Thursday, April 7, 2011

Divine Comedy

A few days ago, I came to a very interesting conclusion. When I was getting ready for P.E. in the locker room, there was a really annoying seventh-grader making really annoying seventh-grade jokes. My peers were there with me, and they expressed to me their frustration with him. However, I was hesitant to join them in putting him down, for the following reasons:

  • I remembered being a seventh-grader and having seventh-grade humor. It seemed hilarious at the time, though I realize now that it was stupid. 
  • I realized that just as we considered him immature, there were older people who considered us immature and probably had a more "advanced" level of humor than we did. 
These things combined made me point out to my peers that all humor is ultimately relative: someone always has a more (and less) advanced style of humor than you do. When they heard this, a particularly clever member of the bunch responded (semi-jocularly): "Okay, then what is God's humor like?". This post is my attempt to answer that question.

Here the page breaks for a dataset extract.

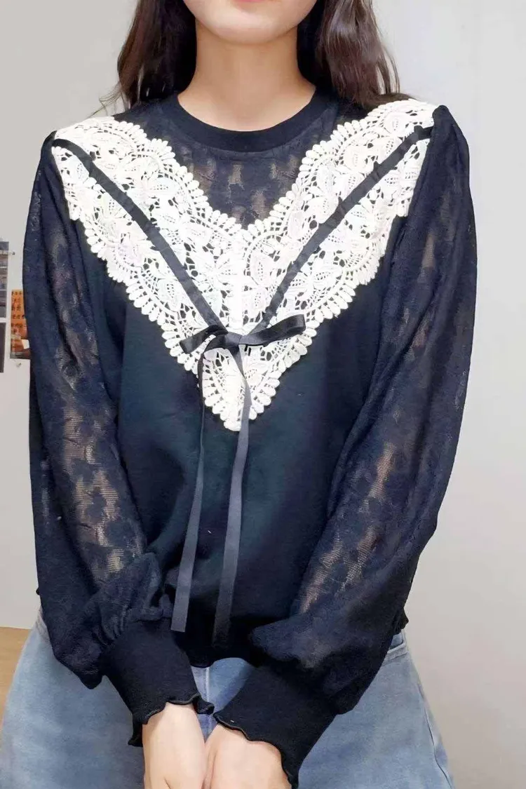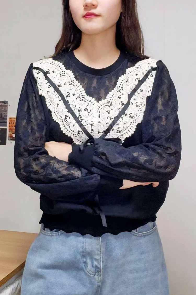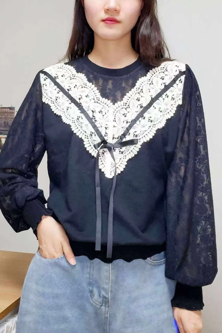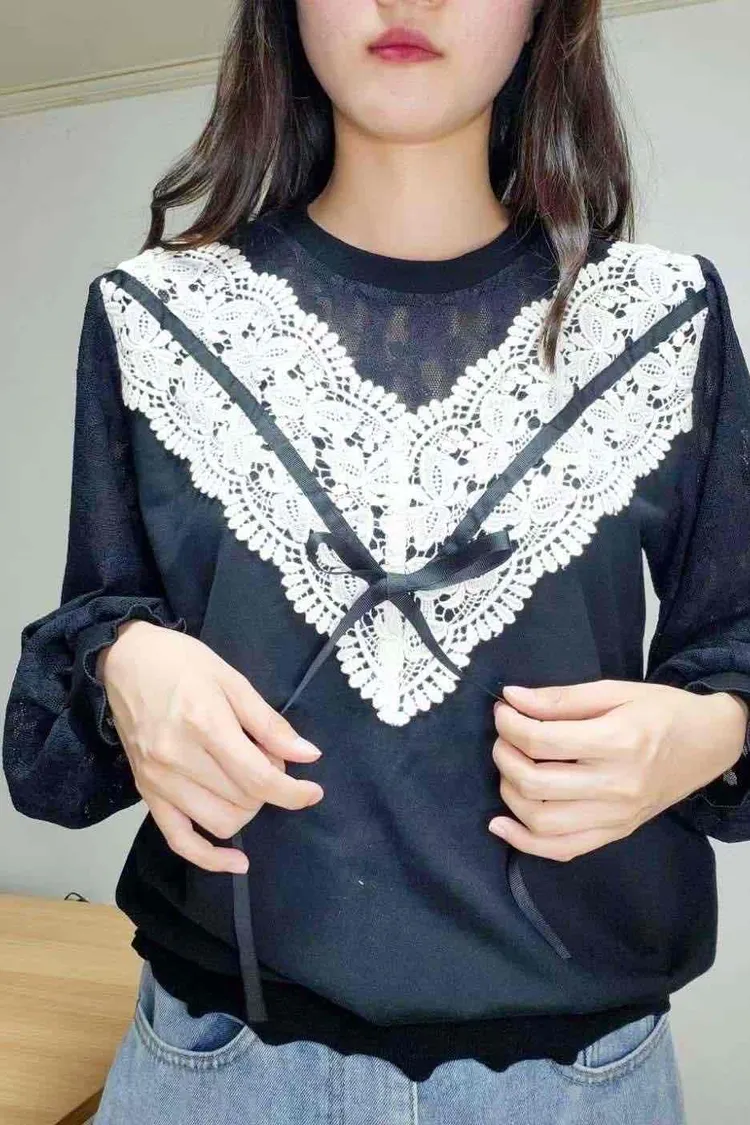 HE009 🇰🇷正韓_Hero💛精緻V型蕾絲拼接氣質上衣💛

I've heard people say that God must necessarily have no sense of humor. Not only is humor not "appropriate" for a celestial monarch, but humor depends on a lack of knowledge, and God knows everything. God would therefore know the punchline to every joke before it has been told. I disagree. In my opinion, God sometimes imposes limitations on himself, on purpose. For example, God could ensure Celestial glory for everyone, but he's not going to. If he did, there would be no point: it's the "getting-there" that's the most important. In exactly the same way, God limits his knowledge so that he, like us, can enjoy a good joke. 

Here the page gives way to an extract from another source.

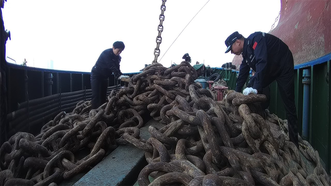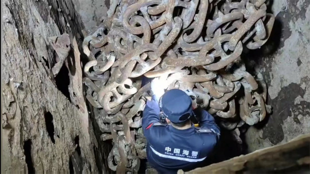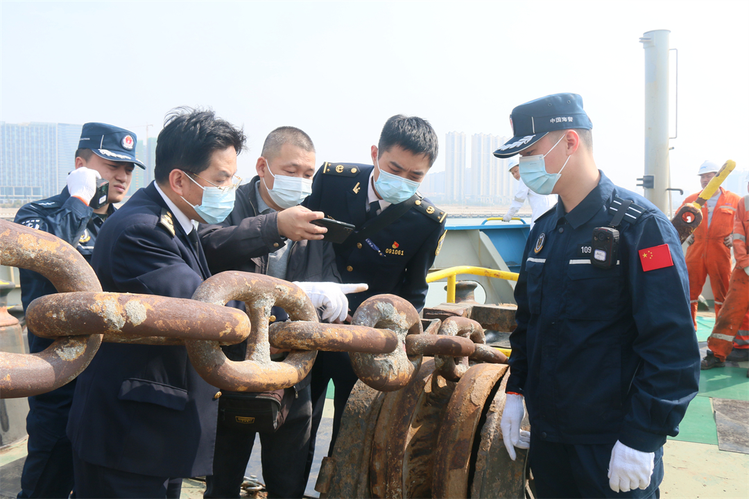 圖為廣東海警局與海事局工作人員對海纜案涉案船舶錨鏈進行檢查。

That answers how God can have a sense of humor. But it still doesn't answer my friend's question: what type of jokes does he tell? I thought about it for a while and then came up with another question that I hoped would lead me to the answer: what makes some jokes funnier than others? I decided that it is how unexpected the punchline is. The worst jokes you can see coming. The best jokes are unexpected. They have their punchlines hidden deep below the surface so that when they finally emerge, it happens in a way that you could have never anticipated. Because of this, the best jokes are those whose punchlines are thoroughly obscured and seem to have no point, like meta-jokes, surreal humor or even Seinfeld.

Now, getting back to God, it is only a natural to say that, just as my humor is more advanced than that seventh-grader, God's humor is infinitely more advanced than mine. And if we accept my proposition in the previous paragraph as true, then it naturally follows that God's jokes have the most obscure punchlines of all. To me, this means that God's jokes are so well-crafted that the punchline must be virtually invisible, so that when we get it, it is the funniest thing we have ever heard. I pondered on this for a while, and then came to a startling conclusion: since God's humor must be so well-designed that the point of a joke has to be hidden to all, what better to fit the bill of the ultimate joke than the universe itself? To put it simply: we are a part of the funniest joke ever told

To me it makes perfect sense. God's joke is infinitely subtle. Though it may seem to have no point at times and may even become boring or long-winded, ultimately we realize that those failings were intentional, and actually serve to enhance its humor: the ultimate meta-joke. Its punchline is so well-preserved that until the joke is finished and the punchline is revealed (a.k.a. Christ's second coming to the Earth and its subsequent renewal), only a select few can predict its outcome. The Buddha was one of them. So was Laozi. In fact, that's what having a mystical experience is: seeing the outcome of a joke and realizing the punchline before it happens. This is why many people who have true spiritual experience are so light-hearted. They see the world for what it really is: hilarity, hidden by a sheathing of seriousness.

Some people may say that this is a morbid and even offensive way to look at the universe. How can something like the Holocaust be part of a giant joke? It necessarily trivializes everyone who suffers in the world. May I offer a counterpoint? I don't see viewing the universe as a comedy as trivializing at all. I merely see it as another way of saying that the suffering is for "but a small moment". If we endure it well, we shall see that there is a much greater and more wonderful reality behind all of it. And what better way to look at that wonderful reality than as humor? 

If it helps at all, the movie Life is Beautiful is a very powerful example of how something can be both filled with suffering and be humorous at the same time. It beautifully combines the two, showing that humor and happiness can exist side by side with pain and sorrow, and will in fact eventually triumph over it. I'm sure that there are many more examples, but I trust you get the point.

To reinforce my point, I will also argue from authority. Here are two quotes by two great authors/philosophers:

"God is a comedian playing to an audience too afraid to laugh."
-Voltaire

"[The angels sounded] like the laughter of the universe"
-Dante Alighieri (The Divine Comedy) 

Now, I need to point out that this is only a lens through which to see the nature of God. I am not precisely defining God's reason for creating the world. I am just providing a new way to look at it. I do not mean to exclude other ways of looking at God. I just wanted to share with you a view that I enjoy.
And so I say goodbye for now, hoping that we all someday will get the joke!